HIPHOPの否定は貧困の否定

3回生のゼミ発表は「ヒップホップ」。
実は「ヒップホップ」という音楽概念が私にはよくわからない。
そんなことを言えば「ロック」も「ポップス」一義的な概念規定があるわけではない。
たぶんそういうのは「空気」で何となく決まるのだろう。
アメリカの音楽マーケットにおける「ヒップホップ」は、それと排他的に競合する他の音楽ジャンルとの差別化の中で位置づけられているはずである。

ヒップホップと司馬遼太郎と村上春樹 - 内田樹の研究室

 内田先生がHIPHOPについてよくわかっていらっしゃらないようなので僕なりのHIPHOPについてのレジュメを提出しておきたい。
この1エントリーでおおよそ概要だけわかるようにしておきたいが、わからない場合は各自で調べてほしい。

内田先生のこの書き方だと、まるでHIPHOPという音楽概念、思想文化自体が不完全なものだとして否定されているような受け取り方ができるが、音楽の表層とムーブメントばかりを捉えても本質が見えないのは当たり前で、HIPHOP音楽を語るためにはまずHIPHOP文化について語らなければならない。
本質を語るとすればHIPHOPとは"恵まれない者たちに与える表現手法”でありHIPHOP文化とは"恵まれない者たち(主に若者)への救済活動・救済思想"である。

HIPHOPとは

 内田先生が言うようにHIPHOPも局所的な文化が発祥であり、地域性というのがことは確かだ。
 アメリカにサウスブロンクスという地域がある。

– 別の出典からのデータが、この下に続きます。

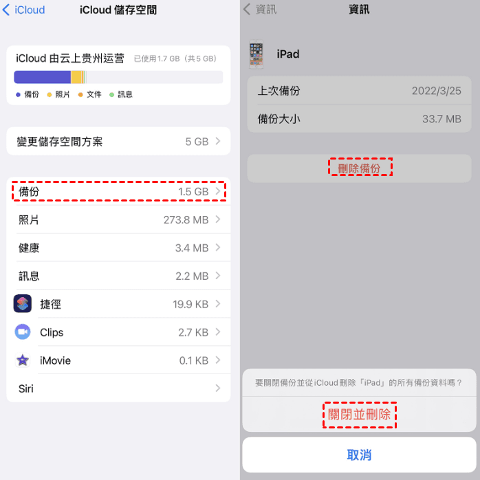 如果您發現iCloud備份卡住,可以透過下面的步驟刪除iPhone備份。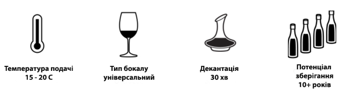 Вина мають насичений колір, з приємним легким присмаком, в якому відчуваються відтінки сливи, чорної смородини, білого перцю, ожини.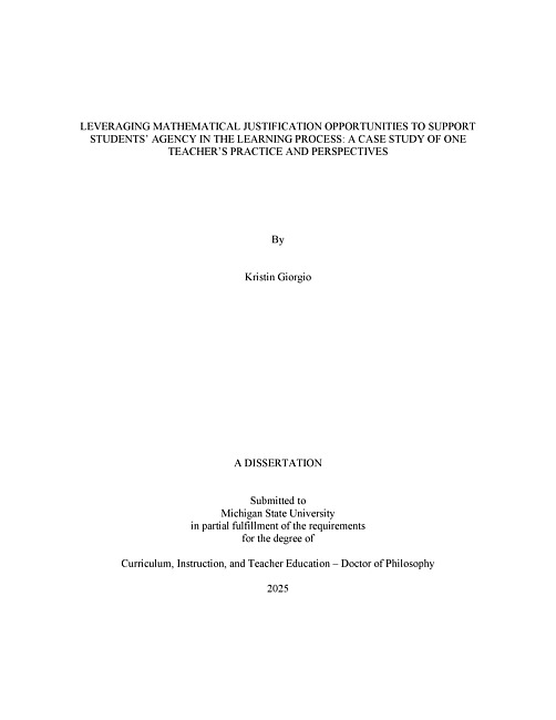 Leveraging Mathematical Justification Opportunities to Support Students' Agency in the Learning Process : A Case Study of One Teacher's Practice and Perspectives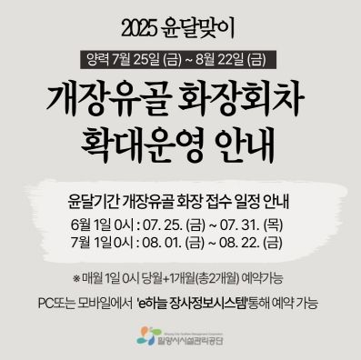 개장유골 화장 예약은 6월 1일부터‘e하늘 장사정보시스템’을 통해 온라인 접수만 가능하며, 사전 예약이 필수다.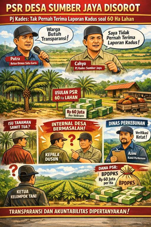 DetikXPost BENGKALIS — Program Peremajaan Sawit Rakyat (PSR) di Desa Sumber Jaya, Kecamatan Siak Kecil, Kabupaten Bengkalis, menjadi perhatian publik menyusul munculnya pertanyaan masyarakat terkait kesesuaian data dan mekanisme pengusulan penerima bantuan. Organisasi Satu Garis mendorong keterbukaan informasi guna memastikan program strategis nasional tersebut berjalan sesuai ketentuan. Ketua Organisasi Satu Garis, Husni, menegaskan bahwa langkah ini bukan bentuk tudingan, melainkan dorongan transparansi. “Program PSR menyangkut dana negara dan kepentingan petani. Wajar jika publik ingin mendapatkan penjelasan yang utuh dan terbuka,” ujar Husni, Selasa (1/2/2026).
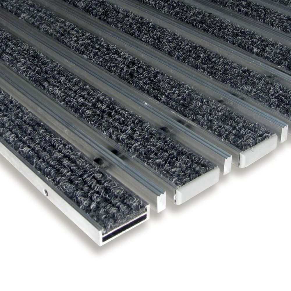 Textilná hliníková kefová vstupná rohož Alu Low Extra - dĺžka 60 cm, šírka 90 cm, výška 1 cm Základom rohože Alu Low Extra sú hliníkové profily o šírke 27 mm, ktoré sú spojené nerezovým lankom a oddelené gumovými medzikrúžkami, tým je umožnené stáčanie rohože manipuláciu pri upratovaní. Do hliníkových profilov sa pevne fixujú textilné pásky, ktoré sa používajú ako čistiaca zóna na odstránenie hrubých nečistôt. Pásky je možné ľubovoľne kombinovať a po opotrebení vymeniť. budov aj rodinných domov Vlastnosti vynikajúce očistenie obuvi od nečistôt pred vstupom do objektov jednoduchá údržba rohož nie je vhodná do karuselových dverí Technický popis dĺžka: 600 mm - dĺžka plochy, ktorá čistí obuv v smere chôdze šírka: 900 mm - dĺžka prúžkov, niekedy tiež šírka dverí výška: 10 mm zaťaženie: do 2,5 t / 100 cm? hmotnosť: 6 kg farba textilnej pásky: čierna / šedá / hnedá / striedajúce sa farby (nutné špecifikovať v poznámke pri objednávke) Montáž / inštalácia Rohož je možné v úrovni podlahy uložiť do pripraveného otvoru osadeného hliníkovým / nerezovým rámom šírky 30, výšky 13 a hrúbky 3 mm Rohož je taktiež možné voľne položiť spolu s nábehovým rámom širokým 45 mm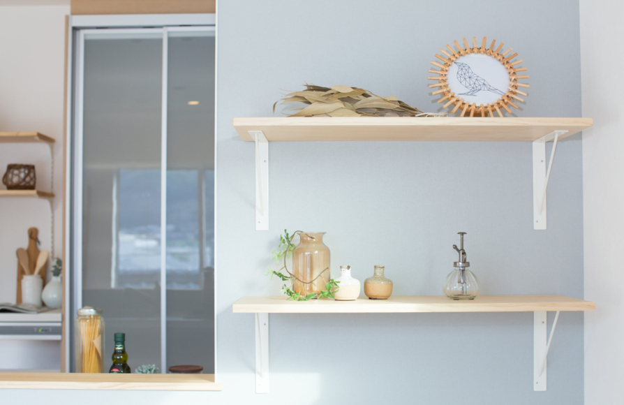 家族みんながよく見える位置に飾り棚を設置しました。一面アクセントクロスにすることで、ギャラリースペースのような雰囲気にすることができます!保育園でつくってきた作品を飾り棚に飾ってあげると子供たちもニコニコ。子供たちの成長を家族みんなで楽しみながら見守れる。そんな素敵なお家になりました!!

ニューヨーク市内でも貧困層が集まる都市で、識字率が低く*1黒人やユダヤ教徒が多いのも特徴的だという。1970年代、「HIPHOP」という文化はそこで産声を上げた。
 HIPHOPの若者たちが語る"real"*2はそこにあった。realとはすなわち貧困(poor)を指し、(精神的にも物理的にも)人に与えるものを持たないことや、貧困者たちを指す。そこでは貧困からくる悲劇-窃盗・強盗、暴力、殺し-が日常茶飯事であったという。同時に若者たちはギャングと呼ばれる徒党を組み、組織として犯罪行為を繰り返していた。
 そんな中ZULU NATIONというグループが「同じブラザー同士(黒人同士)で殺し合うのは馬鹿げている。暴力や銃で争うのはやめて、お互いの文化で争うべきだ。そしてお互いの文化を理解し合い尊敬しあうべきだ。」と唱えて回ったのが始まりだという。
 彼らのいう文化とは、RAP,DJ,DANCE,GRAFITTI(絵)であると認識されており、当時そこに独立してあったそれぞれの文化がHIPHOPという思想に組み込まれることとなった。例えばHIPHOP文化の一つとして語られるストリートダンスも、当時中産階級以上しか学ぶことができなかったバレエやジャズダンスを真似しだしたのが出発点だといわれている。当時はダンスを舞台で踊ることが主流であり、ハーレムシアターにオーディションに来るダンサーたちを見て屋外(ストリート)で真似しだしたのがはじまりだ。なのでバレエのような柔軟な身体イメージや高尚な文学と結びついたイメージと差別化し、硬い身体とコミカルなカートゥーンのイメージを取り入れて踊ることでアイデンティファイされたという経緯を持つ。
 DJ文化などは特殊で、流れているレコードを手で押さえたりずらしたりする手法「スクラッチ」やそれによって同じビートを繰り返す「ブレイクビート」などの手法を持つものがHIPHOPの音楽としてアイデンティファイされた。
 
 現代でもこの貧困の現状は緩和はされているが解決はされていないという(僕は現地に行ったことがないのでわからない)。多くのHIPHOP映画が必ずこの若者のギャング性や貧困を描いてきた。
 
 この思想が普及し若者たちに表現の手法を与えることで、争いを減らし、悲劇を減らそうという救済活動こそHIPHOPの原点である。
以下のリンクが詳しい
ヒップホップ - Wikipedia
ヒップホップ音楽の歴史 - Wikipedia
動画見るならOnGenムービー(スマホ)

思想としてのHIPHOP マーケットとしてのHIPHOP

 思想の重要性に影響された多くのアーティストがこの思想の普及を切望し、その方法の一つとしてマーケットにのせて流通させることを考えた。しかし、普及させる間に多くの誤解が発生していった。貧困層、すなわち犯罪者が多数いる地域からの文化ということでダーティなイメージが染みつき、若者の社会や大人に対する反抗のための文化として広まってしまった。HIPHOPという文化はホームパーティーやクラブイベントで初めて表現するものとして扱われ、クラブカルチャーとして派生していった。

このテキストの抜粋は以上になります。